What the task asks:
Return each line of the listing below, unchanged, and omit the images.

Data:
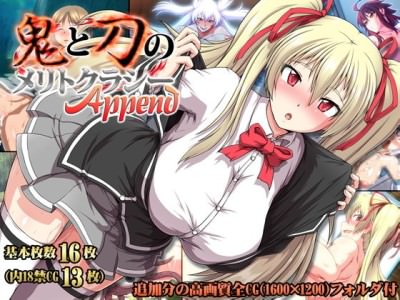 2018年1月11日にDL発売されたONEONE1の人気の同人RPG「鬼と刀のメリトクラシー」のアペンドディスクが登場。基本CG枚数16枚、内エッチCGは13枚を収録。シナリオやボイスの追加はないものの、イベントの演出を補完するCGとして、ファンならば是非手元に揃えておきたいパッチとなっている。
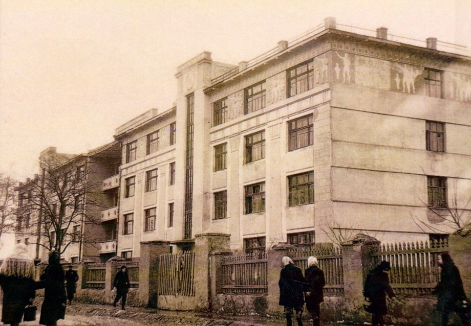 Архівний знімок середини ХХ століття, на якому зафіксовано головний фасад навчального закладу та частину вулиці перед ним.
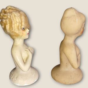 Vtg Boudoir a pair of chalkware half dolls. One with blonde Wig, Marked K.G. 1925 RARE Art Deco Flappers
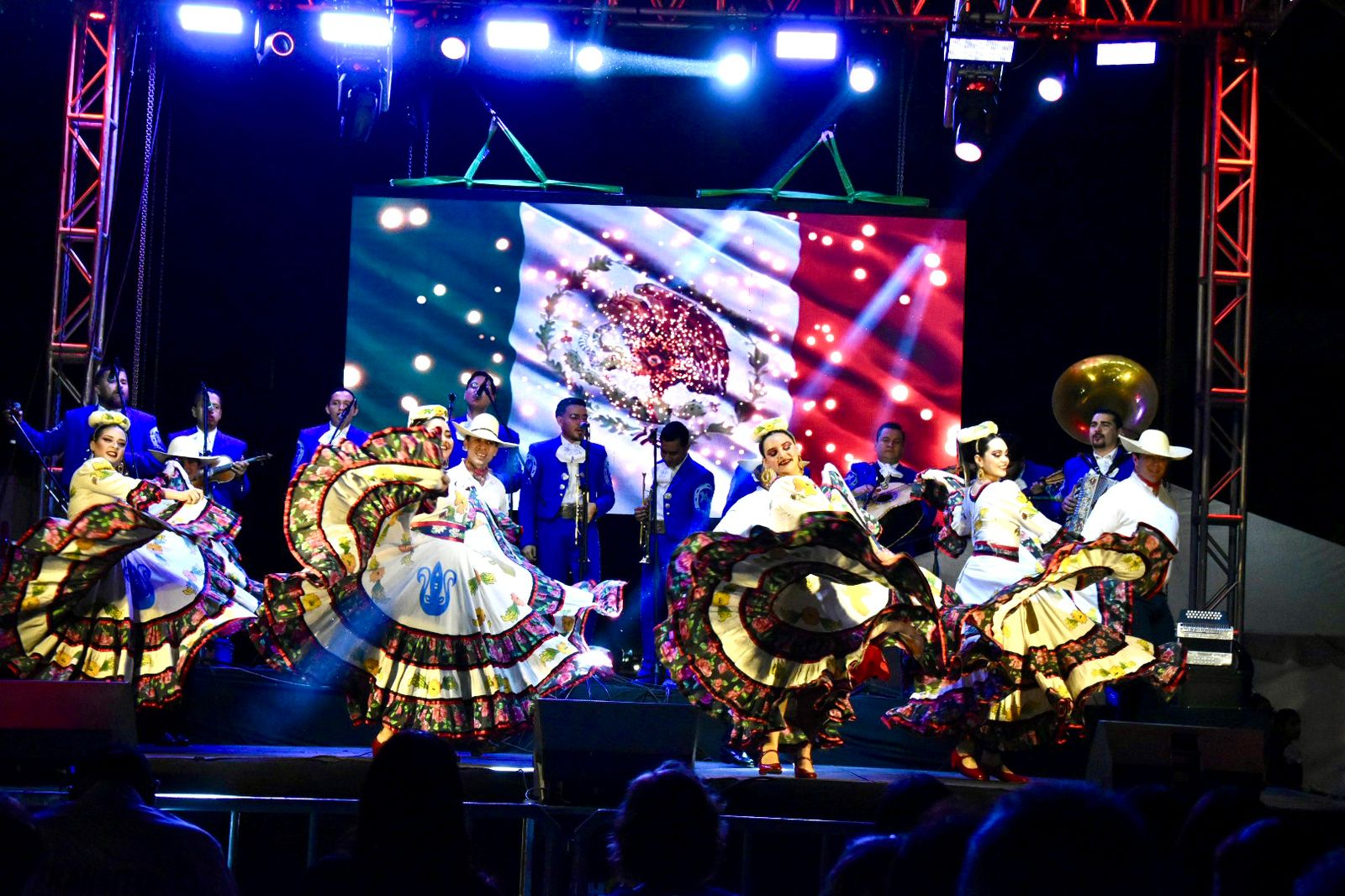 El evento culminó con una espectacular quema de fuegos artificiales y la unión de los tres mariachis en el escenario, dejando a todos los presentes con el corazón lleno de orgullo y alegría por México.

Solution to the exercise:
 2018年1月11日にDL発売されたONEONE1の人気の同人RPG「鬼と刀のメリトクラシー」のアペンドディスクが登場。基本CG枚数16枚、内エッチCGは13枚を収録。シナリオやボイスの追加はないものの、イベントの演出を補完するCGとして、ファンならば是非手元に揃えておきたいパッチとなっている。
 Архівний знімок середини ХХ століття, на якому зафіксовано головний фасад навчального закладу та частину вулиці перед ним.
 Vtg Boudoir a pair of chalkware half dolls. One with blonde Wig, Marked K.G. 1925 RARE Art Deco Flappers
 El evento culminó con una espectacular quema de fuegos artificiales y la unión de los tres mariachis en el escenario, dejando a todos los presentes con el corazón lleno de orgullo y alegría por México.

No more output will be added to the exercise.